What? That’s It?

Anyone who has children, or was a child, knows about being ungrateful. I’m sure if I ask my parents if there was ever a time that I was ungrateful, I’m sure they’d be laughing and say, “JUST one time?” Sitting here trying to think back to when I was ungrateful, there is only one memory that comes to my mind and it is vague. I remember more from my dad’s own memory. My mom had brought home some lip gloss, or something along those lines for me, as a treat. I had a friend over and looked at her gift and complained that it wasn’t what I wanted. And hence, I made her cry. I didn’t see it as her being kind and thinking of me. I was acting up in front of my friend and immediately complained it wasn’t what I wanted. I don’t fully remember this, but have no trouble believing that I had done this. But I do remember times when my parents did stuff for us or took us somewhere to have fun and always saying “Thank you.” Even if it was just taking us out to eat somewhere for breakfast, there was always a “thank you” and it was never prompted.

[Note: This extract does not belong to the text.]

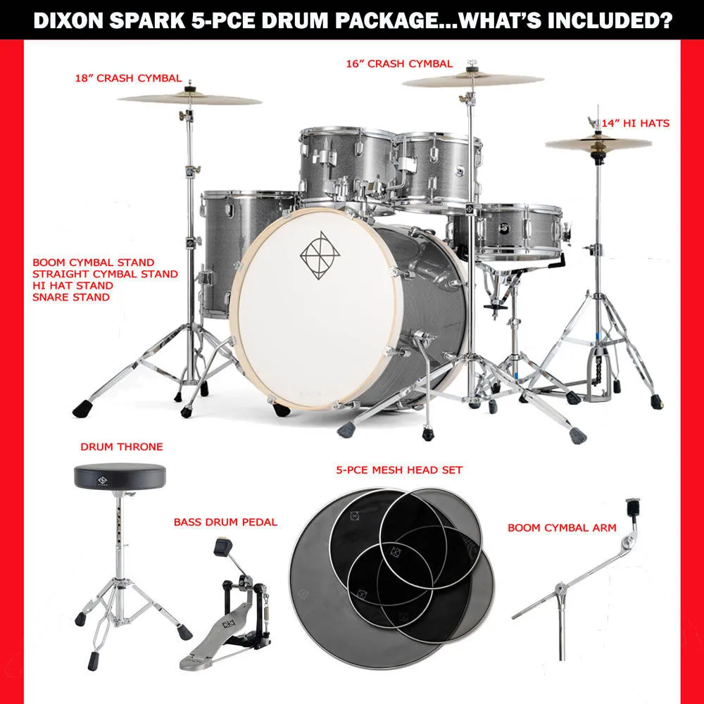| Stand hardware (Included) | Dixon boom cymbal stand, straight cymbal stand, hi-hat stand, snare stand, single bass drum pedal, drum throne, boom cymbal arm for 4-piece conversion |

I know that “times have changed.” It always does but we also try to keep things similar. It frustrated me so much that my children have to be prompted all the time to say “thank you.” Sometimes I try to remind myself not to say “What do you say…” when they are given something or something has been done for them right away and give them a chance to do it on their own. But I always end up repeating myself! It is a rarity when my oldest says thank you to me whenever I, or we, do anything for her. I know this because it actually just happened the other day. I was shocked to hear her say it. I took her on a hike up Mt.  A and packed a lunch for us to have at the top. I wanted some one-on-one time with her since we don’t get to do it much during the school year. We were at the top eating our lunch and she just looked at me and said, “Thank you Mama for taken me here today. I’m having fun.” A simple thank you is all I ever look for. But I also say that if you do things expecting something in return, you are doing it for the wrong reason. In regards to my children, I don’t follow that rule!

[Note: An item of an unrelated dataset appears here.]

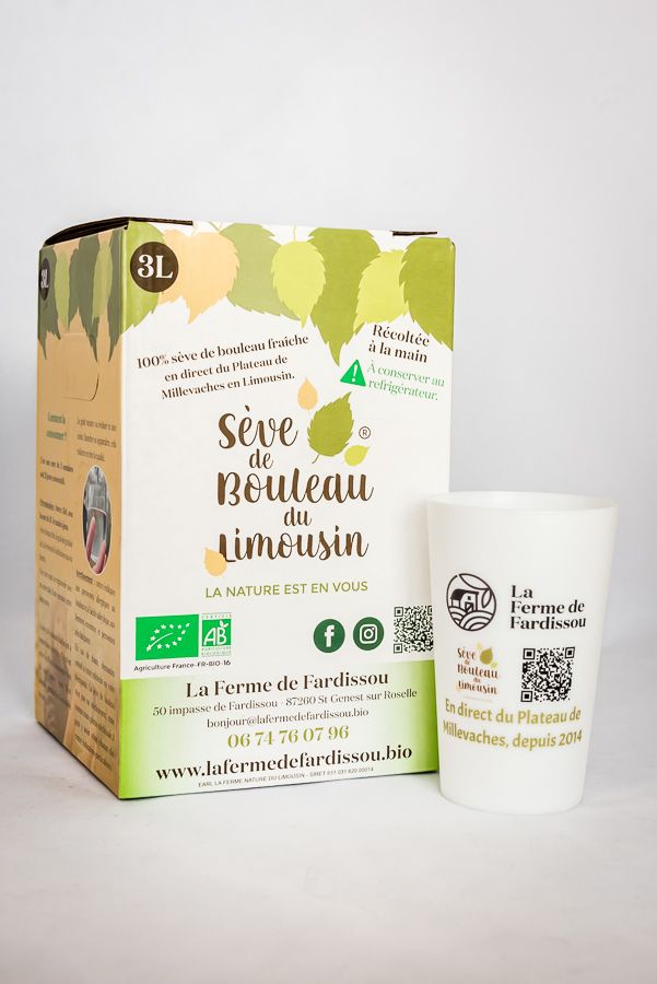 - nous essayons de réduire au maximum nos déchets ou les déchets futurs du client ou bien nous essayons de faire en sorte que tout soit recyclable ou réutilisable comme le verre gradué de la cure de sève de bouleau

It was spring break this past week. We really didn’t plan much for them because we are trying to pay more attention to what we spend our money on. And knowing that we are going to FL and Disney at Christmas time, we are really trying to save up. So, we decided to take them to a nice hotel that had a small water park inside and also take them to Six Flags. We did the water park the day we got there because it was extra to use it! We took them out to dinner twice and spent all of the next day at Six Flags. At the end of the day at, our youngest was able to get something that was under $25. Why $25? Well, our oldest didn’t put on the shoes we told her to when we left the house and I didn’t notice that she had her rain boots on until we were well on our way. SO, we had to stop and buy her a pair of walking shoes at Marshalls that were $24.99. Our youngest decided that she would get something for herself AND her sister with the money she had. A thank you was given to her and we got, “You guys are the best parents in the whole wide world.”

We are because we “wined and dined” them for two days. When we got to dinner the last night, it was nothing but whining because of whatever set the little one off. I had to take her outside to get her to knock it off! Then the other kept complaining that her food was too hot and couldn’t even touch it! The next morning it was they didn’t want to go home, why did we have to leave, I don’t like that donut, I want my kindle, it’s my turn, I don’t want to take a nap, and my favorite, what are we doing now? They would not give us two minutes to sit down without having to ask us to do something for them. I asked Ryan, “When is it ever enough?” It’s never enough and it’s never ending.

My parents may have something different to say, but I never remember being this way with them. I think my brother and I knew better! One look from dad, and that was it! I know I wanted things that my friends had or what was popular at the time. But, if I felt brave enough, I asked once and that was it. I even remember my dad taking us to buy ourselves a gift that we wanted for Christmas. Mine was an easy bake oven. We were so excited to pick it out, pay for it with our own money, and get home to play with it. NO!!! When we got home we had to wrap it and wait for Christmas! WHAT!!! We had to wait? But we bought it! It was already ours! I don’t remember ever asking my dad why he did that. It’s just a memory we talk about and complain about. I feel that it had to do with being grateful. We saved our money, that technically they gave us for chores, and we didn’t have to buy anyone a gift, which would have been a nice thought/action to do. We were able to buy what WE wanted. We earned the money and was able to spend it as we saw fit.

Do I feel my children are ungrateful? Most of the time they are. I feel that they are because they don’t know any different. We talk and talk to them about “others” who don’t have much and are not able to do the things that we are able to do. They have no concept of this. They can’t understand why they can’t have more or what they want all the time. Even during lent and we do the soup bowl for those who are hungry. They don’t get it. Seeing is believing to them. They don’t see hunger, poverty, real gratefulness for things, simple things. Maybe it’s time they see what is happening around the world still. Maybe it’s time we make them “see” to believe. Times have changed!